Looks like an old gas station to me.


Two buildings, side-by-side. A tree is growing from the inside out on this second building.

Memorial Hall.
As someone who grew up in a small town, I feel such an affinity for these places. I know what it’s like to feel the town dissolve around you.
But there’s something so elemental about Neosho Falls. These buildings. And the old school. It’s like nature is trying to pull these man-made structures down. It reaches up with vines, grabs on and pulls. Unless there’s a human intervention, nature will win.
And even though I want small towns to survive, I see such beauty in this effort by nature to heal itself, to return the town to wilderness.
It’s like you are capturing a battle with these pictures. All I can think and feel is from the human perspective.
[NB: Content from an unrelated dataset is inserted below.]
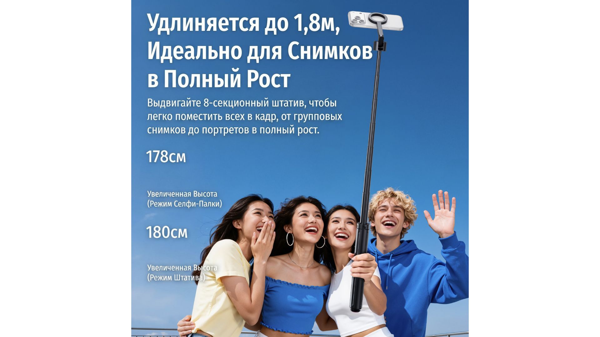 Прочный алюминиевый корпус раскладывается на высоту до 180 см, обеспечивая идеальный ракурс для группового фото или портрета в полный рост. Устойчивая четырехногая конструкция гарантирует надежность на любой поверхности.
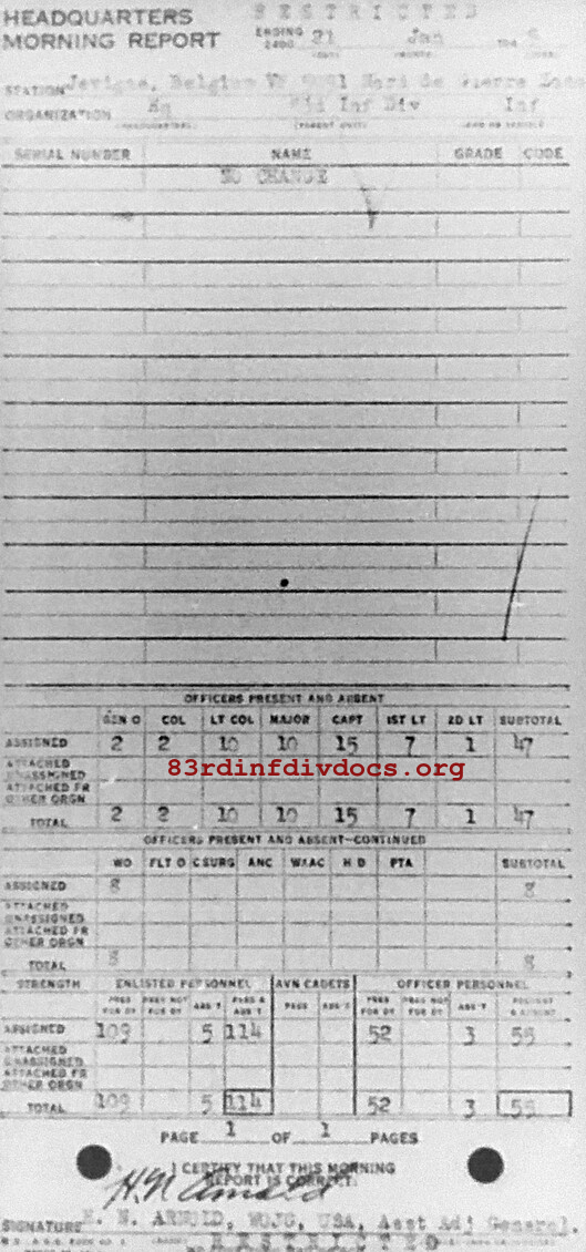 Morning report HQ/83 for January 21, 1945

How sad that these towns, vibrant and alive many years ago, have come to this.
My grandmother was born in Scammon, KS, in 1896. When my parents returned to visit the old homestead, the town was gone. Just a crossroads now (near Pittsburg in Cherokee Co.) Such a home of ghosts you have in that fair state.
EFH
There was a thing on tv recently about nature reclaiming Chernoble. It’s a big city that was abandoned after the nuclear meltdown. It happens faster than we imagine it will.
I know a lady in the South who believes that it happens so fast because when humans abandon the houses and other buildings, the spirit of the place leaves with them. I get what she is saying.
When we were looking to move, we looked at houses where we could often feel the former occupants somehow. The houses aren’t abandoned, they’re only passing from one hand to the next.
But when you go into an abandoned place, there’s an empty feeling, almost painful, that grabs your gut. Like there’s a void that needs filling.